The appreciation of RMB will be a long-term benefit for industries with high import ratio, large foreign debt scale, high liquidity or huge RMB assets.
The appreciation of RMB will have a great impact on the international pricing of export industries, industries with high foreign currency assets or products.
Shen Tong, Chief Macro Analyst of Guohai Securities
The appreciation of RMB will affect different industries in two ways. First, the increase of capital cost and income caused by the appreciation of RMB will change the economic structure of China in the long run, give different growth rates to industries again, and differentiate the performance of enterprises in different industries. Second, the appreciation of RMB changes the book value of assets, liabilities, income, costs and other enterprises in the industry in a short time, and affects their operating performance through the difference in foreign exchange conversion. Generally speaking, the appreciation of RMB will be a long-term benefit for industries with high import ratio, large foreign debt scale, high liquidity or huge RMB assets; However, it has a great impact on the export industry, high foreign currency assets industry or international pricing of products; Others have less influence.
The main beneficiary industries include: real estate and infrastructure industries are non-trading real estate industries, and appreciation will comprehensively enhance the value of domestic real estate assets, and at the same time enhance the investment value of infrastructure and basic industries such as airports, ports, railways and expressway with limited resources, monopoly or long construction period and less supply elasticity, and the above two industries will benefit obviously; Financial industry, especially banking and securities industry, is a capital-intensive industry engaged in currency and capital business. Because of its good liquidity and high RMB assets, it will attract a lot of international funds and benefit from it. Industries such as aviation, electric power, oil refining, paper making, construction machinery, etc. benefit from the cost reduction caused by the dependence on foreign procurement of raw materials or equipment, or the exchange gains and losses caused by a large number of foreign debts, especially for the aviation industry with monopoly advantages in the domestic market; High-tech industries that rely on technology imports do not have advantages in key scientific and technological intellectual property rights, and will maintain the momentum of a large number of imports for a certain period of time, and can maintain their own advantages in cost on the premise of exchange rate appreciation.
The main damaged industries include: export-oriented industries, such as textile industry (especially clothing industry with high export dependence, followed by cotton spinning and wool spinning), household appliances, building materials and so on. The appreciation of RMB will greatly weaken the competitive advantage of products; Foreign trade enterprises are at a disadvantage in the industrial chain, and it is difficult for import business to obtain excess profits from RMB appreciation, but export business will suffer heavy losses; The extractive industry, petrochemical industry and non-ferrous metal industry will be impacted by the internationalization of product pricing.

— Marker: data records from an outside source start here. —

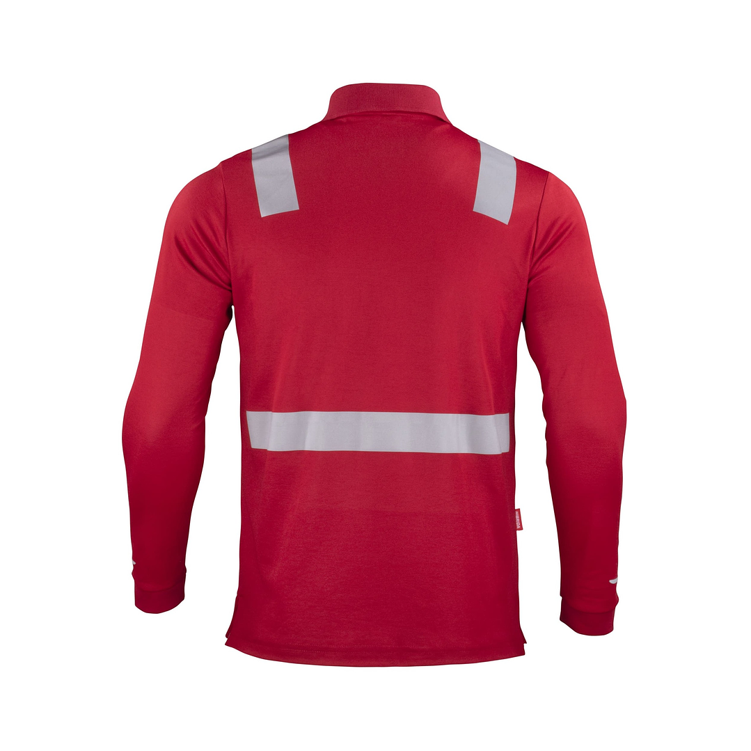 Polera polo manga larga, diseñada con tecnología "híbrida". Prenda que nos entrega una fusión perfecta, para el cuidado de tu piel gracias a su composición de algodón en el interior y poliéster en el exterior. Esta confección le permite a tu cuerpo liberar la transpiración, evitando la sensación de humedad y combinando elementos de alta visibilidad. Prenda perfecta, para desarrollar trabajos en exterior, ya que posee cintas reflectivas termo selladas de 5 cm de ancho.
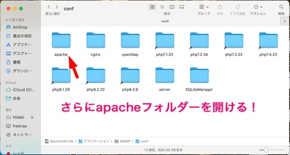 MAMPフォルダーの中のconfフォルダーの中にapacheフォルダーがある。
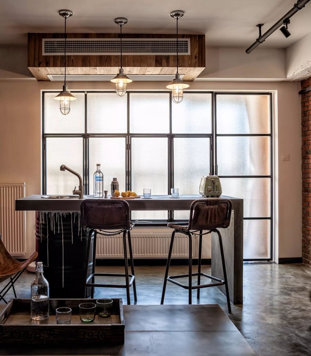 ▲ 客厅设计了个性吧台,融入简单的西厨功能,顶面风管机用防腐木包裹严实,也非常出效果
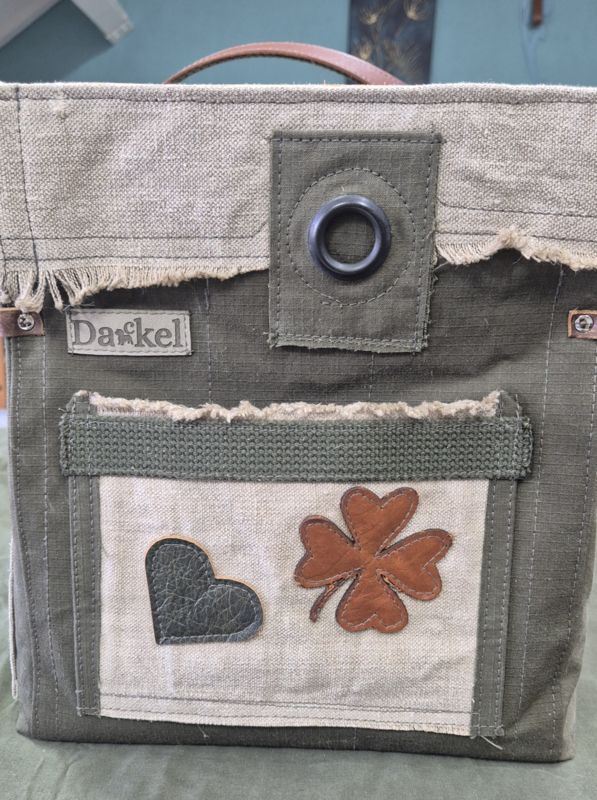 - Totebag gemaakt van plunjezak, postzak, leer en voeringstof
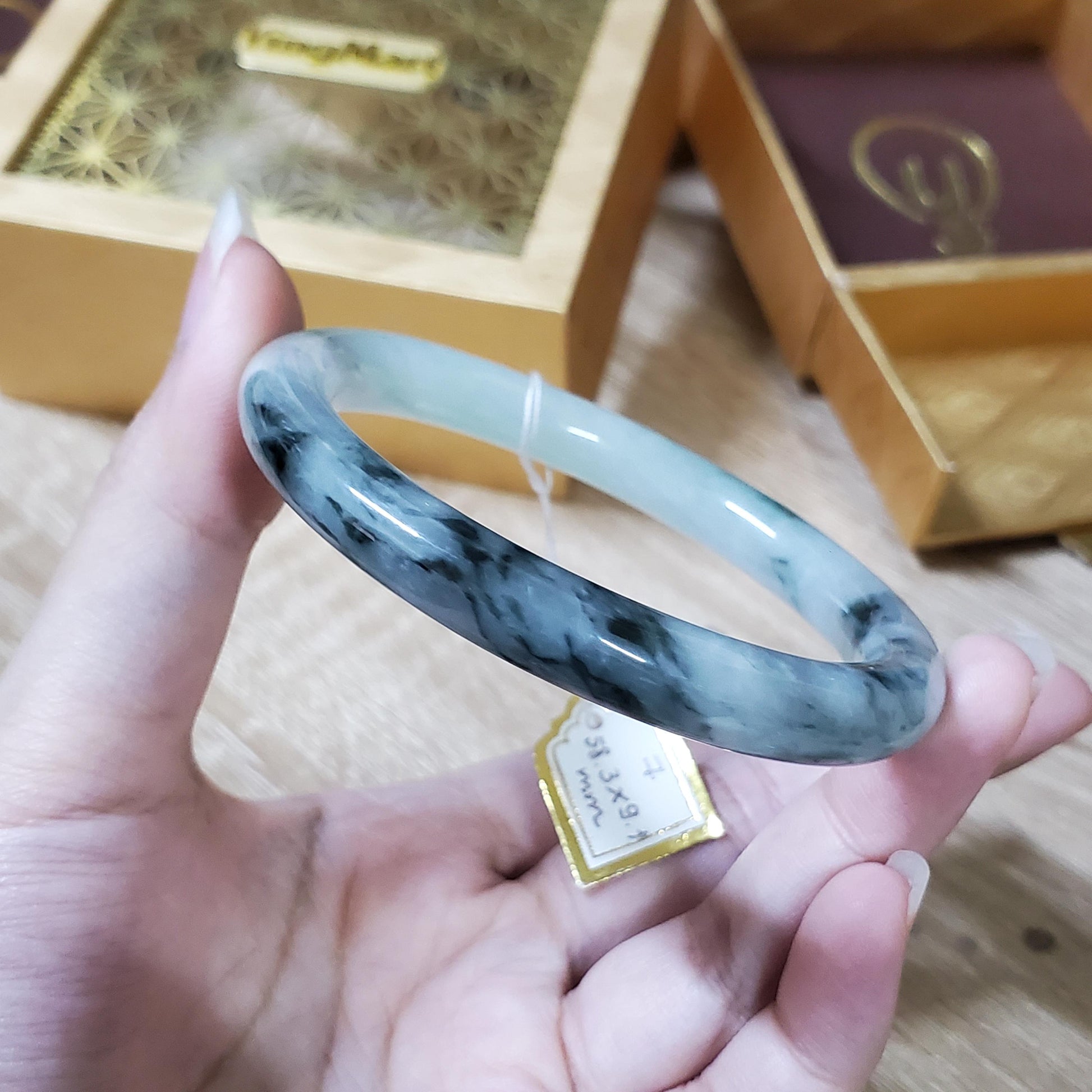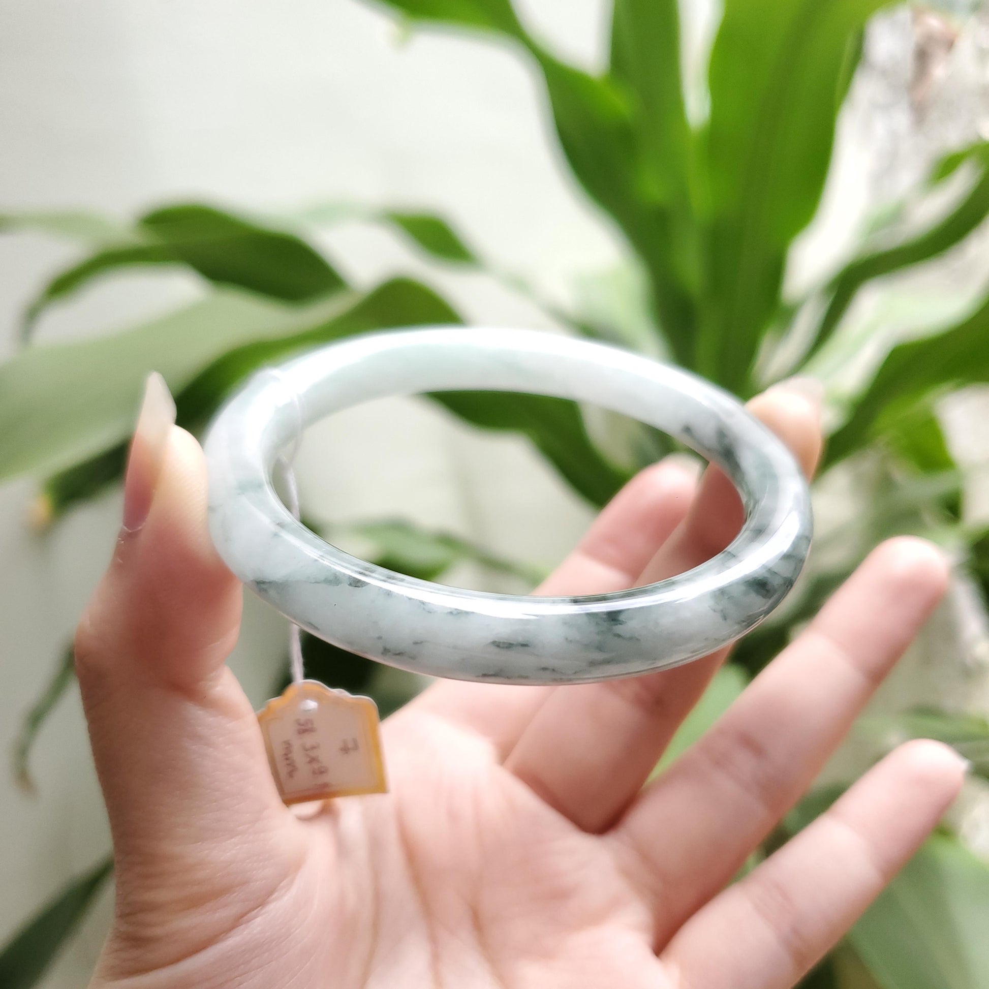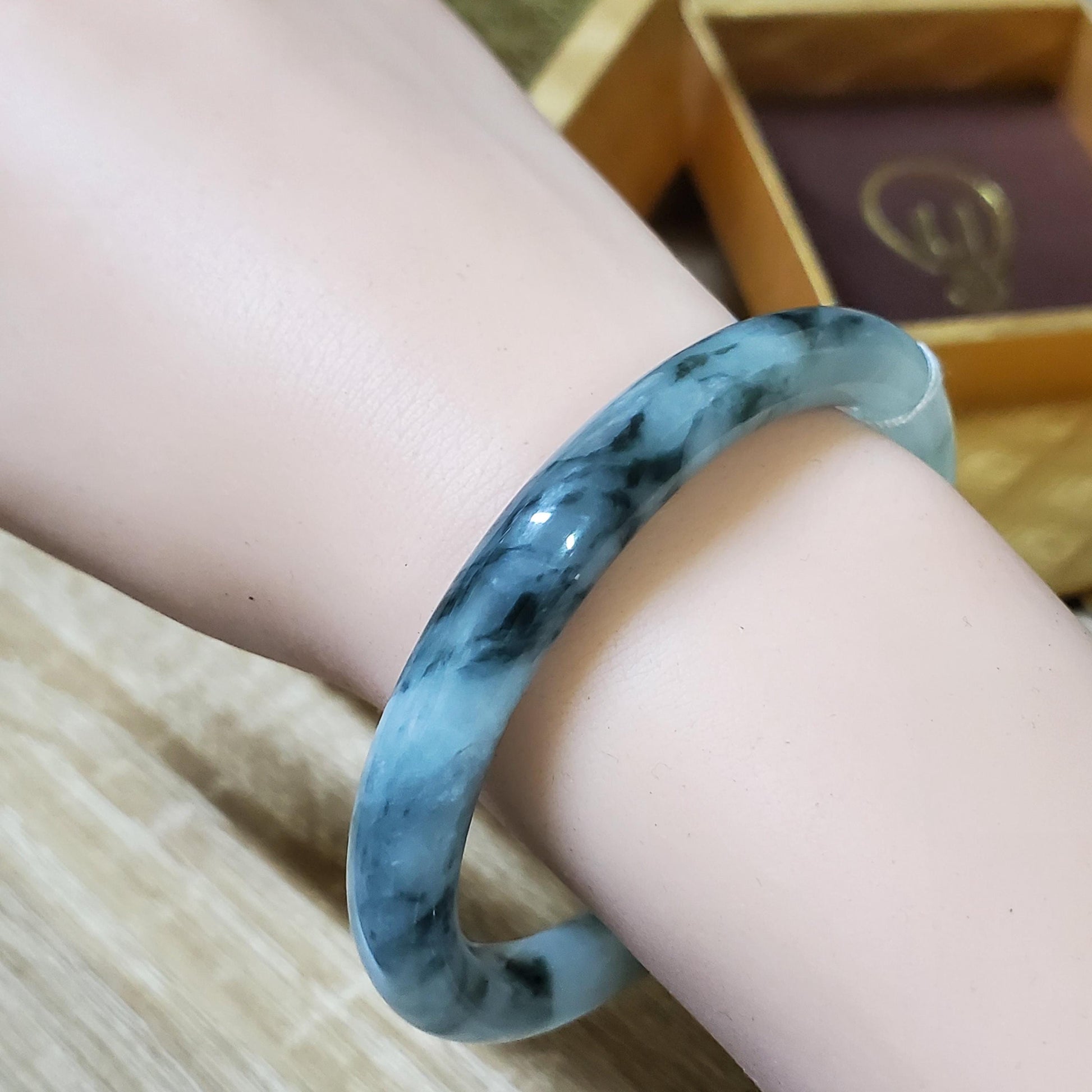 π Timeless Vintage Elegance: High Quality White Black Veins jade bangle symbolising wealth, health & prosperity.
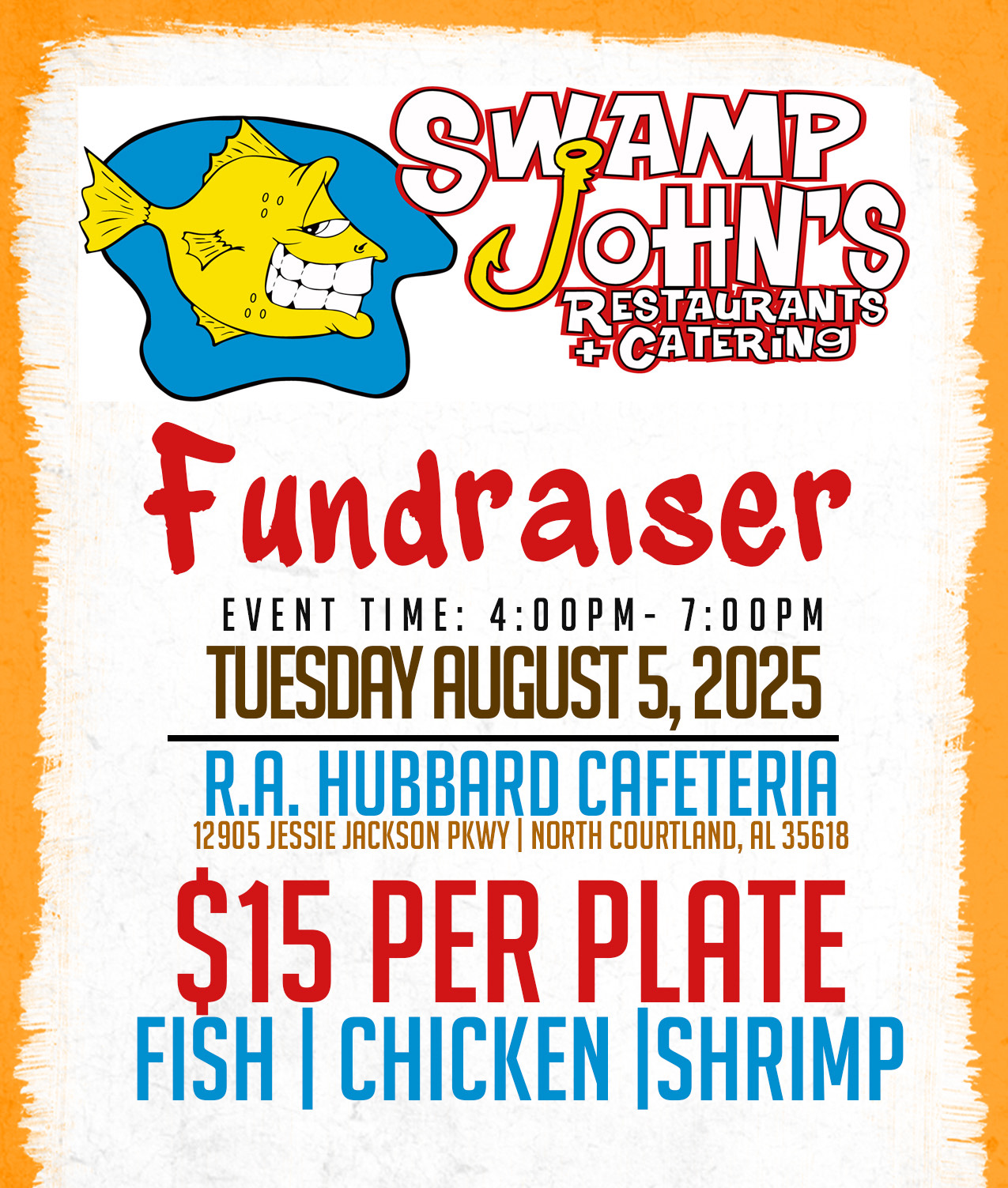 $15 Per Plate – Fish, Chicken, or Shrimp
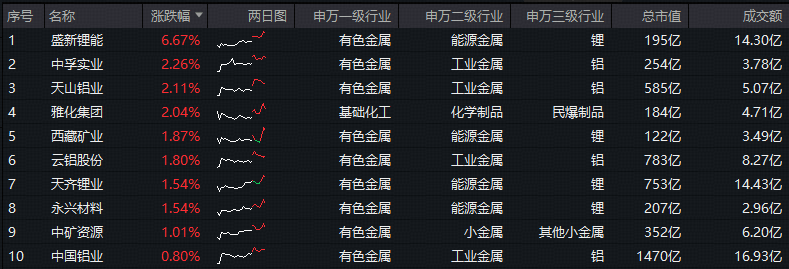 成份股来看,锂、铝等方向局部活跃。锂业龙头方面,盛新锂能领涨超6%;西藏矿业、天齐锂业、永兴材料涨逾1%;铝业龙头方面,中孚实业涨超2%,云铝股份涨逾1%。另一方面,楚江新材跌超4%,白银有色、云南锗业、湖南黄金、中金黄金等个股跌幅居前,拖累指数表现。
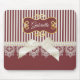 A vintage Victorian style mousepad featuring deep red and creamy white colored vertical stripes embellished with an image of a cream colored ribbon tied into a sweet bow affixed to a string of elegant pearls. Personalize this elegant design by adding your name to the ornate gold edged frame. NOTE: This is a flat printed image. The bow, lace, pearls, and gold frame are NOT real.
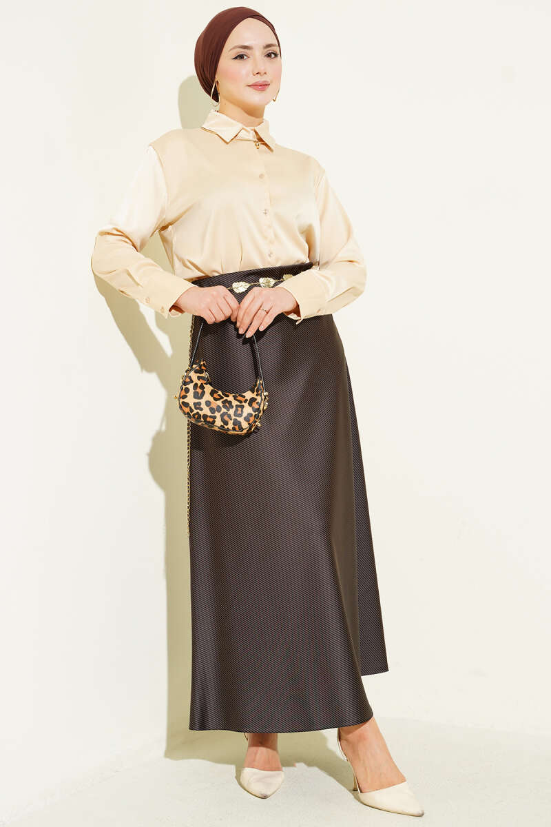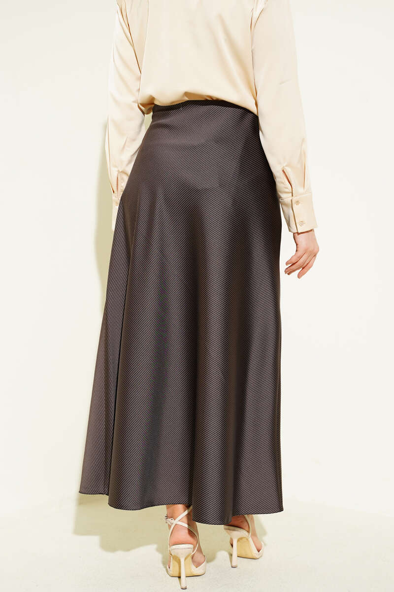 Çizgili Bel Lastikli Saten Etek Kahve
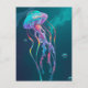 jellyfish with rainbow leds on its tentacle illuminating the surroundings, deep sea
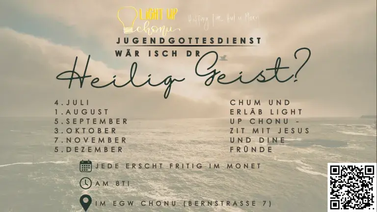 Die Events sind öffentlich und finden jeweils am 1. Freitag des Monats um 20:00 Uhr in den Räumen des EGW Konolfingen statt.

(A) the real estate industry
Expected effect: We believe that we should attach great importance to people's psychological factors when evaluating the impact of appreciation. People's profit-seeking psychology and conformity psychology are very common, which will be fully manifested with the warming of the market, which will obviously contribute to the rise of capital market and real estate prices.
Inflow effect of capital: RMB appreciation generally means that the domestic economy as a whole is improving, there are many investment opportunities, and the income level is relatively considerable (at least additional exchange gains can be obtained). Therefore, a large amount of foreign capital will enter the domestic market through various channels, and the stock market and real estate market become the places where these funds are concentrated because of their good liquidity, which eventually leads to the rise of stock market and real estate prices, which is more obvious in Japanese and Taiwan Province markets. Although China's foreign exchange control is relatively strict, this trend is also taking shape according to the inflow of foreign capital in 2003: the gap between the increase of foreign exchange reserves, trade surplus and foreign direct investment in China has been on the rise in the past 2-3 years, in which there may be a lot of speculative funds, and foreign direct investment does not rule out changing the investment direction. Considering the amplification effect of this part of funds, the impact on the whole real estate cannot be underestimated.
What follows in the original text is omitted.